* _Data_:
++++

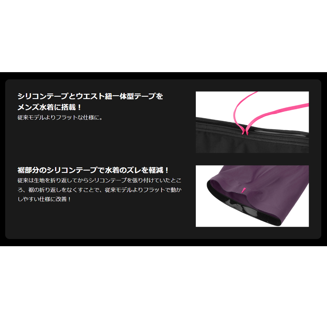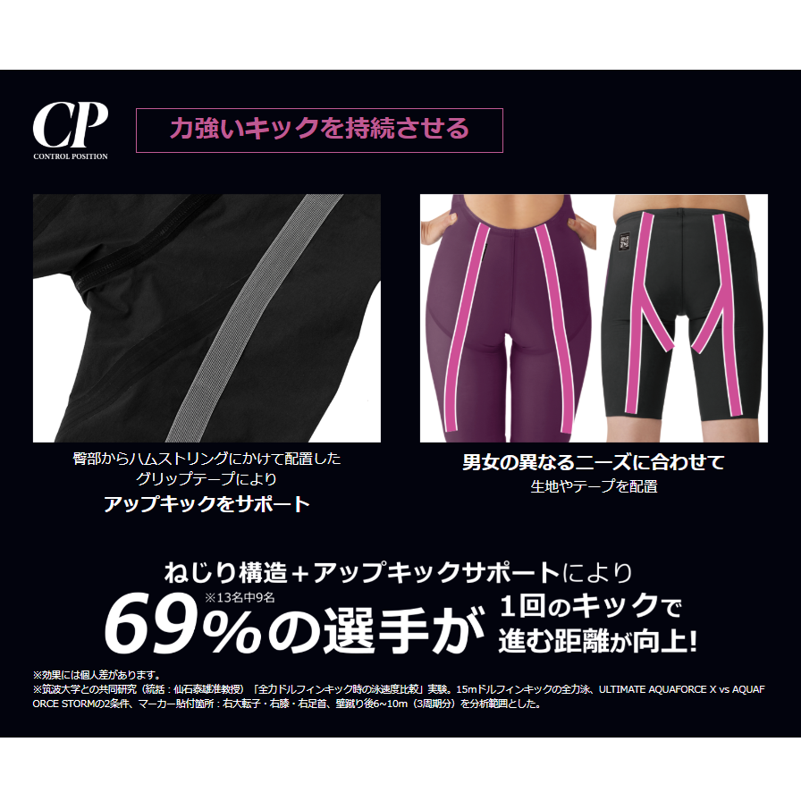 臀部からハムストリングスにかけて配置したグリップテープによるアップキックサポート。
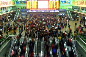 مشهد من چونيون 2008 داخل محطة سكك حديد بكين الغربية، الصين.
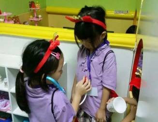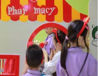他們在一個一百多平方米的大課室裏搭建了一個小人國,裏面有各種迷你版的小超市,圖書館,餐館,診所還有森林。。。員工都是專業的表演院校畢業的老師。

++++

* _Task brief_:
Quote in full the listing given above; the images are to be left out.

* _Solution to the exercise_:
 臀部からハムストリングスにかけて配置したグリップテープによるアップキックサポート。
 مشهد من چونيون 2008 داخل محطة سكك حديد بكين الغربية، الصين.
他們在一個一百多平方米的大課室裏搭建了一個小人國,裏面有各種迷你版的小超市,圖書館,餐館,診所還有森林。。。員工都是專業的表演院校畢業的老師。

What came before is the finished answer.